* **Exercise directions**: What is needed is every line of the data that includes the word "หอนาฬ". Please copy each one.
*** Information
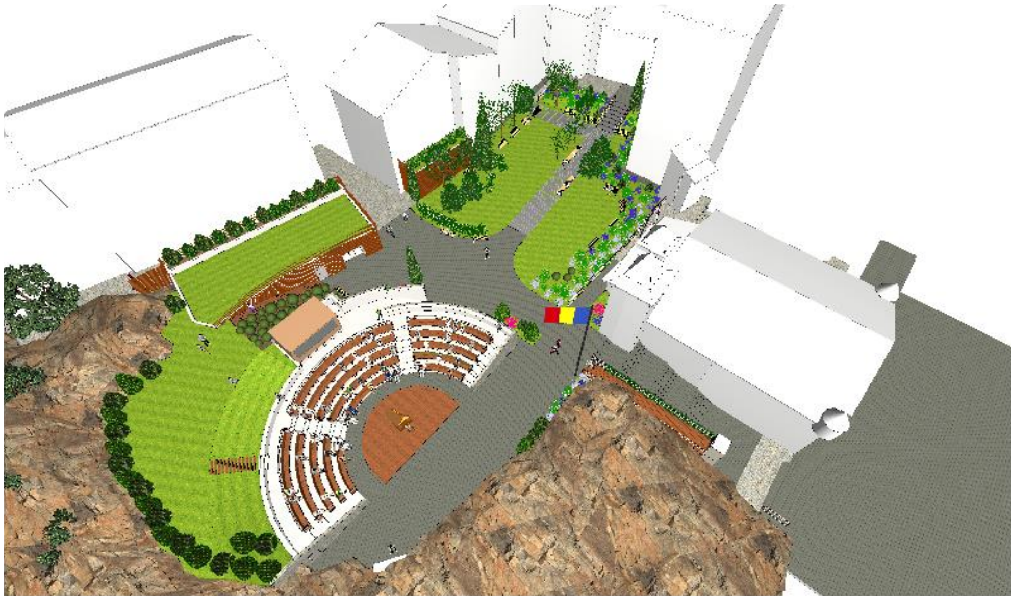
Presentació del projecte arquitectònic de la part posterior de Casa de la Vall Xavier Aleix Arquitecte - Xaa
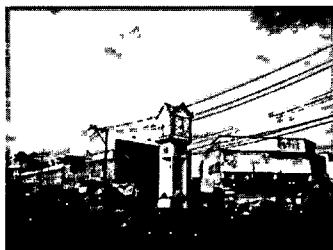
ภาพที่ 5 หอนาฬิกา (เก่า) เชียงราย

หอนาฬิกาเมืองเชียงราย สร้างขึ้นในปี พ.ศ.2510 บริเวณสี่แยกประตูห้วย เดิมมีรูปทรงสี่เหลี่ยมรองรับด้วยเสาสี่เสา ในปี พ.ศ. 2548 เทศบาลนครเชียงราย มีโครงการสร้างหอนาฬิกาเฉลิมพระเกียรติ สมเด็จพระนางเจ้าพระบรมราชินี 12 สิงหาคม 2548 ออกแบบควบคุมการก่อสร้างโดยอาจารย์เฉลิมชัย โฆษิตพิพัฒน์ ศิลปินแห่งชาติ
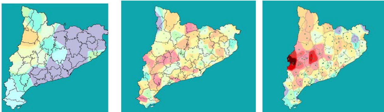
Mapes de sequera dels anys 2006, 2007 i 2008

Segons el mapa de sequera i de pluges, les zones especialment vulnerables al risc d'incendi són les comarques de la Catalunya central, el Prepirineu i els Pirineus. La resta de territori, gràcies a les pluges que hi han caigut les darreres setmanes, no presenta una situació tant crítica, tot i que igualment continua en risc.
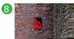
8 Halles à charbon Bernard Gilbert (*)
******
* **Task solution**:
ภาพที่ 5 หอนาฬิกา (เก่า) เชียงราย
หอนาฬิกาเมืองเชียงราย สร้างขึ้นในปี พ.ศ.2510 บริเวณสี่แยกประตูห้วย เดิมมีรูปทรงสี่เหลี่ยมรองรับด้วยเสาสี่เสา ในปี พ.ศ. 2548 เทศบาลนครเชียงราย มีโครงการสร้างหอนาฬิกาเฉลิมพระเกียรติ สมเด็จพระนางเจ้าพระบรมราชินี 12 สิงหาคม 2548 ออกแบบควบคุมการก่อสร้างโดยอาจารย์เฉลิมชัย โฆษิตพิพัฒน์ ศิลปินแห่งชาติ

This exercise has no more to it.